5. In terms of the aforesaid order passed by the Division Bench of this Court, the fixed deposits to the tune of Rs. 20.00 crores were not encashed during the pendency of the appeal before the Commissioner of Income Tax (Appeals). After the appeal was decided, the embargo on the revenue to en cash the fixed deposits came to an end and consequently the revenue was within its jurisdiction to en cash the guarantee of Rs. 20.00 crores.
6. We do not find that the assessee is entitled to stay of recovery proceedings during the limitation period for the filing of the appeal. There is no deemed stay of liability after the enforceable order is passed by an authority under the statute. Reference may be made to Collector of Customs v. Krishna Sales (P) Ltd. AIR 1994 SC 1239,wherein the court observed as:
6. According to the said para 4, the goods will not be released even where the party succeeds in cases where the Customs authorities decide to go in appeal before the Tribunal or the Supreme Court. They will consider the issuance of such certificate only after the decision of the Tribunal or the Supreme Court, as the case may be. The learned counsel for the respondent characterizes the said direction as arbitrary and contrary to law. We see the force in his submission. If the authorities are of the opinion that the goods ought not to be released pending the appeal, the straightforward course for them is to obtain an order of stay or other appropriate direction from the Tribunal or the Supreme Court, as the case may be. Without obtaining such an order they cannot refuse to implement the order under appeal. As is well-known, mere filing of an appeal does not operate as a stay or suspension of the order appealed against. Moreover, such detention is likely to create several complications relating to the demurrage charges besides the possible deterioration of the machinery and goods. We hope and trust that the Collector of Customs, Bombay shall appropriately revise the said public notice in the light of the observations made herein. If he does not do so, there is a likelihood of the Customs authorities being themselves made liable for demurrage charges in appropriate cases.
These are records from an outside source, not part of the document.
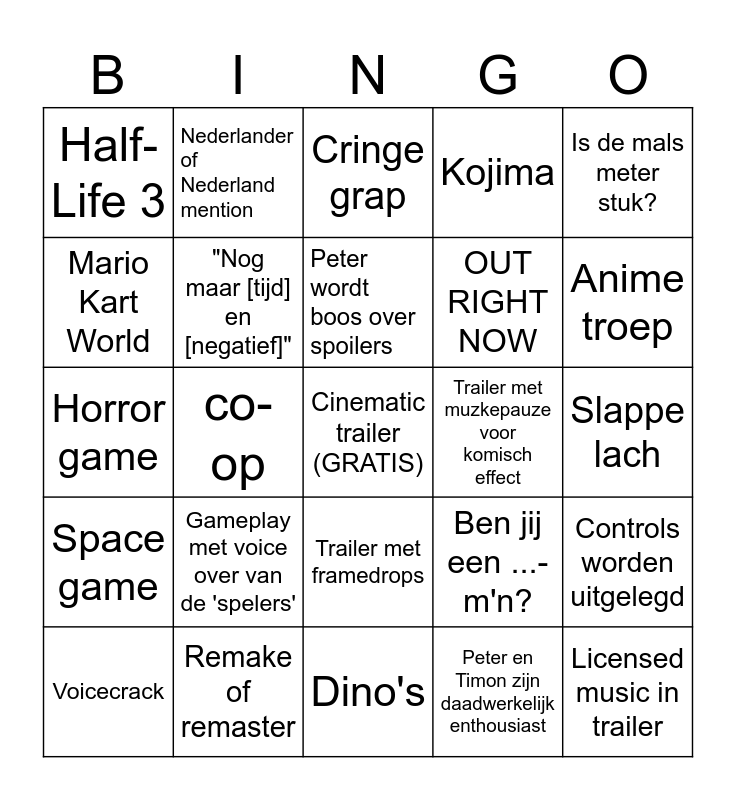 This bingo card has a free space and 24 words: Gameplay met voice over van de 'spelers', Remake of remaster, Peter wordt boos over spoilers, Voicecrack, Is de mals meter stuk?, Half-Life 3, Mario Kart World, Nederlander of Nederland mention, Trailer met muzkepauze voor komisch effect, Trailer met framedrops, OUT RIGHT NOW, Horror game, Ben jij een ...-m'n?, Controls worden uitgelegd, "Nog maar [tijd] en [negatief]", Peter en Timon zijn daadwerkelijk enthousiast, Slappe lach, Cringe grap, Anime troep, co-op, Licensed music in trailer, Space game, Kojima and Dino's.
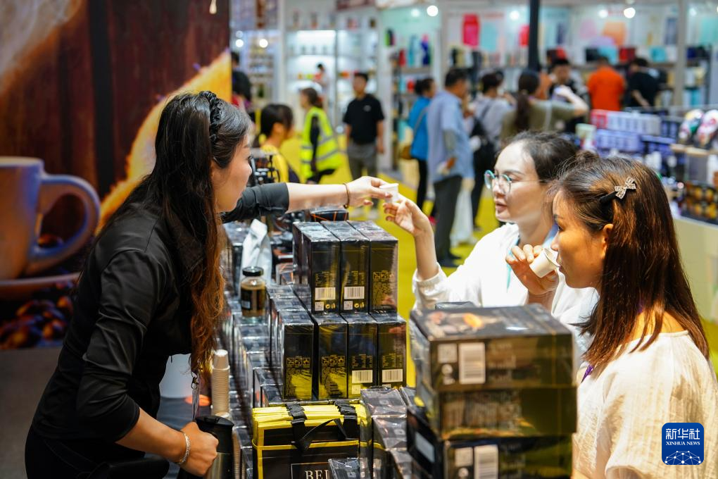 6月20日,觀眾在咖啡產業館品嘗咖啡。新華社記者 陳欣波 攝
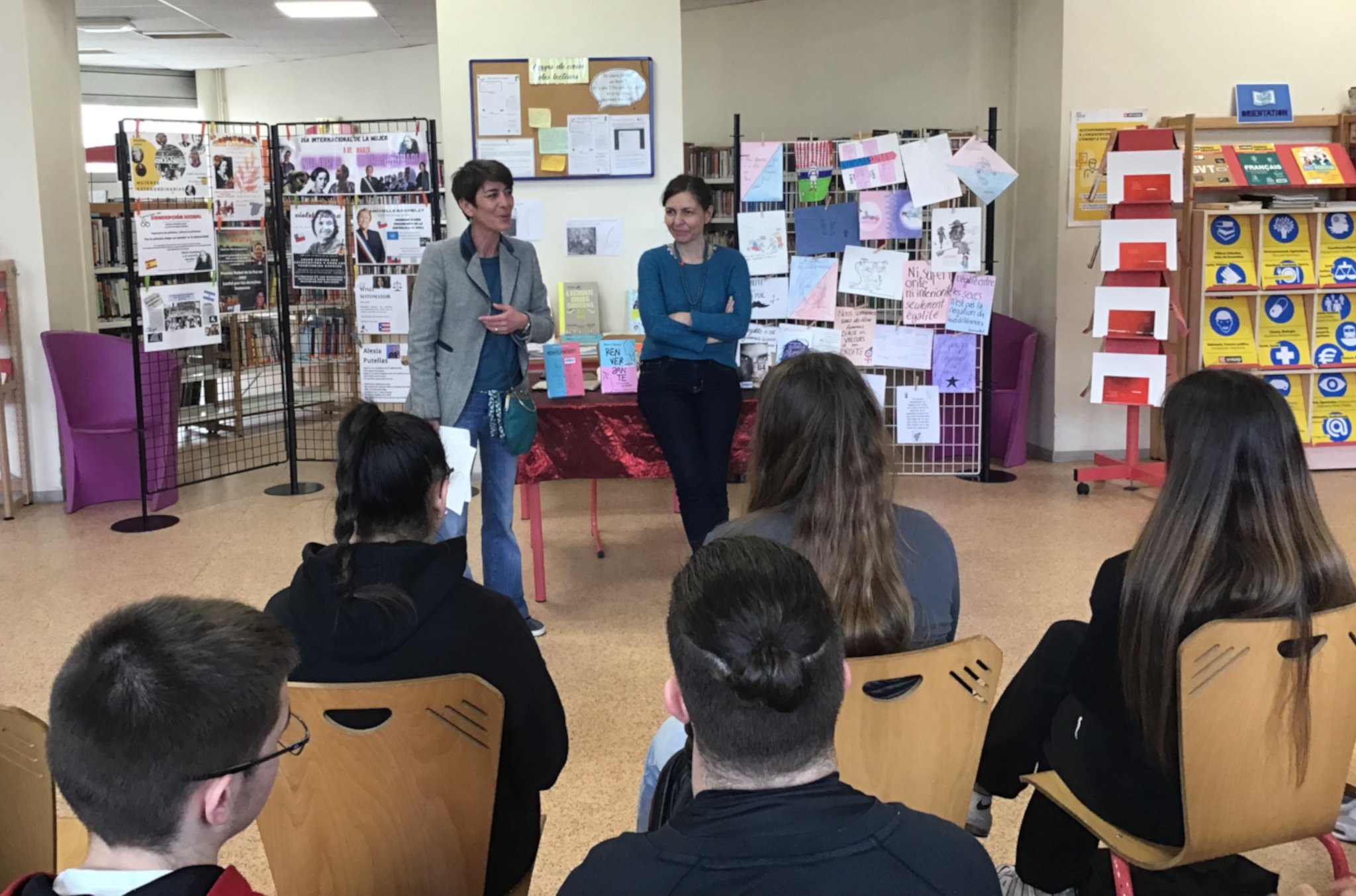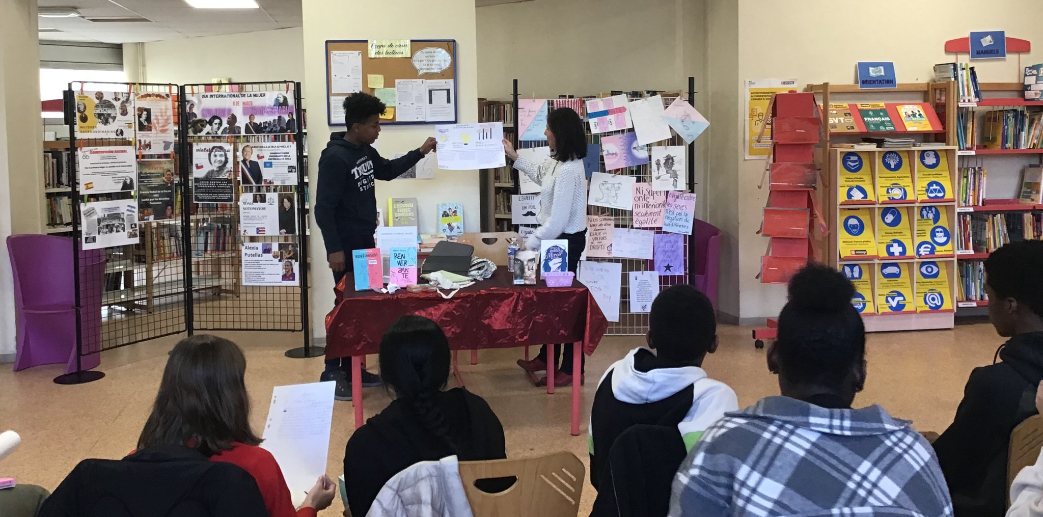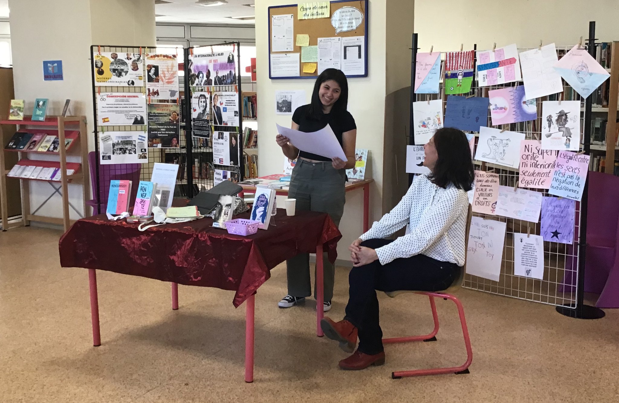 Une exposition réalisée par les élèves hispanophones (LCE) à l'occasion de la Journée internationale des femmes, installée au CDI, complétait les réflexions soulevées par Renversante, pamphlet original et percutant.

7. In an another judgment, the Court held that pending appeal, it is open to the Decree holder to execute decree subject to the right of restitution in Inderchand Jain v. Motilal  14 SCC 663.The Court observed as under:
29. Order 41 Rule 1 of the Code stipulates that filing of an appeal would not amount to automatic stay of the execution of the decree. The law acknowledges that during pendency of the appeal it is possible for the decree-holder to get the decree executed. The execution of the decree during pendency of the appeal would, thus, be subject to the restitution of the property in the event the appeal is allowed and the decree is set aside. The court only at the time of passing a judgment and decree reversing that of the appellate court should take into consideration the subsequent events, but, by no stretch of imagination, can refuse to do so despite arriving at the findings that the plaintiff would not be entitled to grant of a decree.
8. In view of the above, mere fact that the petitioner had time limit to file an appeal does not bar the revenue to execute the order passed. We do not find any merit in the present petition.